DATASET EXCERPT —
┄┄┄┄┄┄┄┄┄┄┄┄┄┄┄┄┄┄┄┄

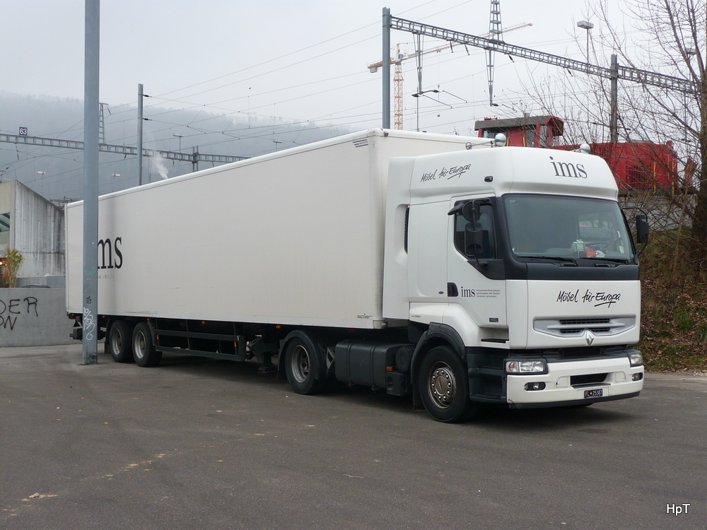 Renault 460 Pritsche "Neudeck Holzprodukte" auf der A61 bei Miel 17.02.2011
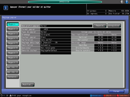 Appuyez sur l'onglet [Réglage papier] de l'écran [IMPRESSION] pour afficher l'écran [Réglage papier] et appuyez sur [Modifier].
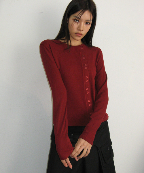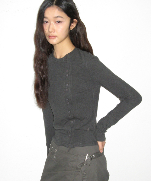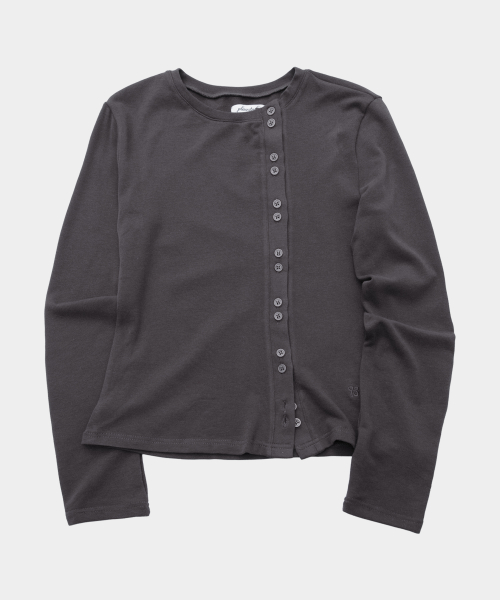 올데이 미니 더블 버튼업 포인트 롱슬리브 슬림 베이직 가디건_2COLOR
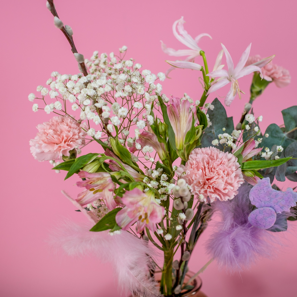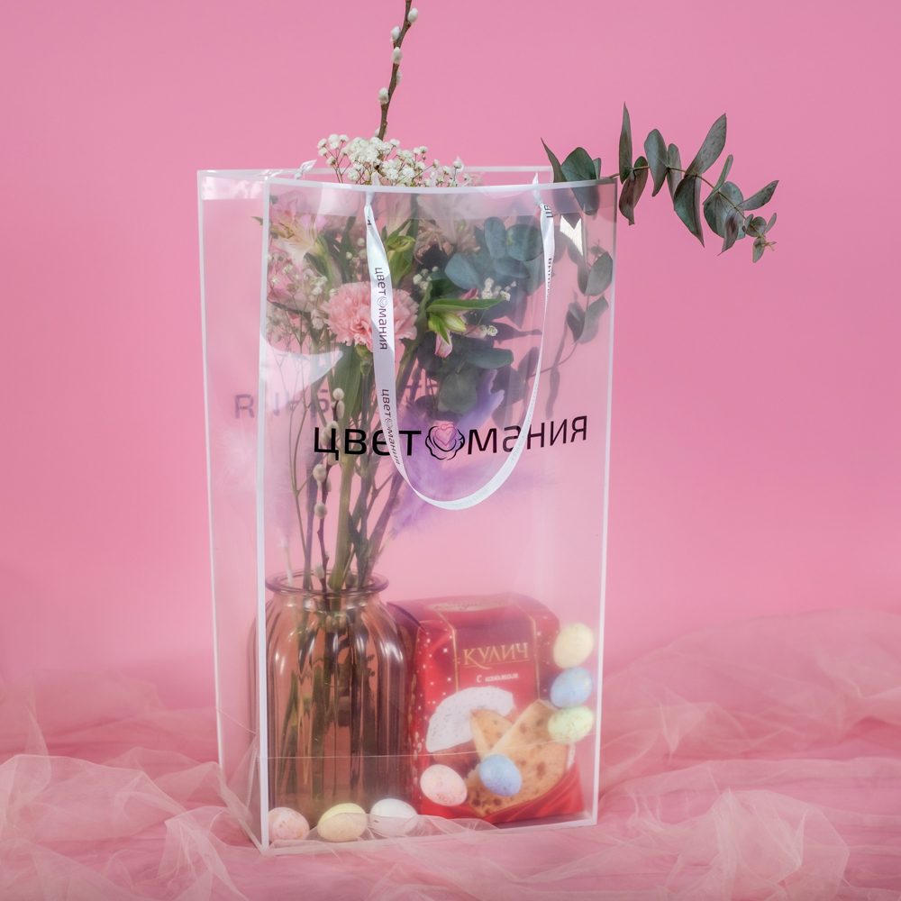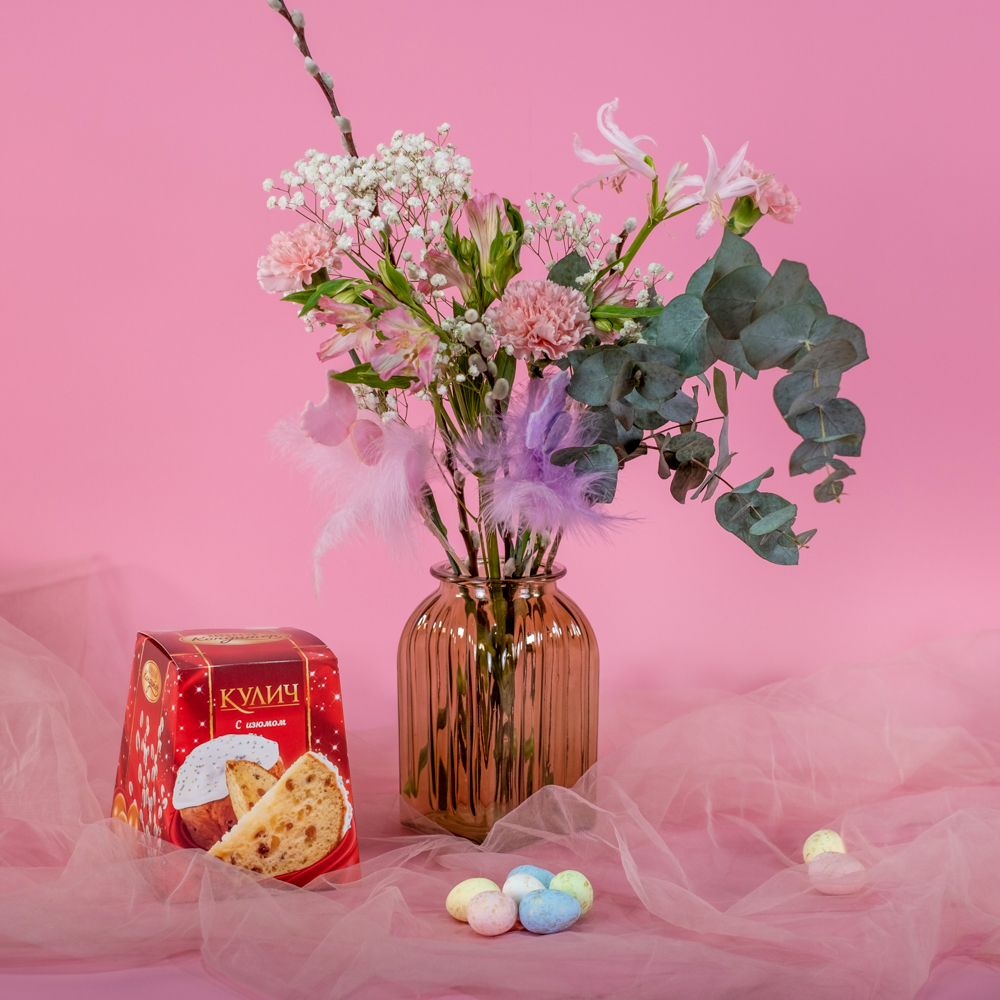 эвкалипт 1, нерине 1, гвоздика станд 3, гипсофила 1, альстромерия 1, ваза, кулич, яйца, пакет, вставка курочка

┄┄┄┄┄┄┄┄┄┄┄┄┄┄┄┄┄┄┄┄

WHAT YOU WILL DO —
Set down all the data again exactly as above, pictures excluded.

TASK SOLUTION —
 Renault 460 Pritsche "Neudeck Holzprodukte" auf der A61 bei Miel 17.02.2011
 Appuyez sur l'onglet [Réglage papier] de l'écran [IMPRESSION] pour afficher l'écran [Réglage papier] et appuyez sur [Modifier].
 올데이 미니 더블 버튼업 포인트 롱슬리브 슬림 베이직 가디건_2COLOR
 эвкалипт 1, нерине 1, гвоздика станд 3, гипсофила 1, альстромерия 1, ваза, кулич, яйца, пакет, вставка курочка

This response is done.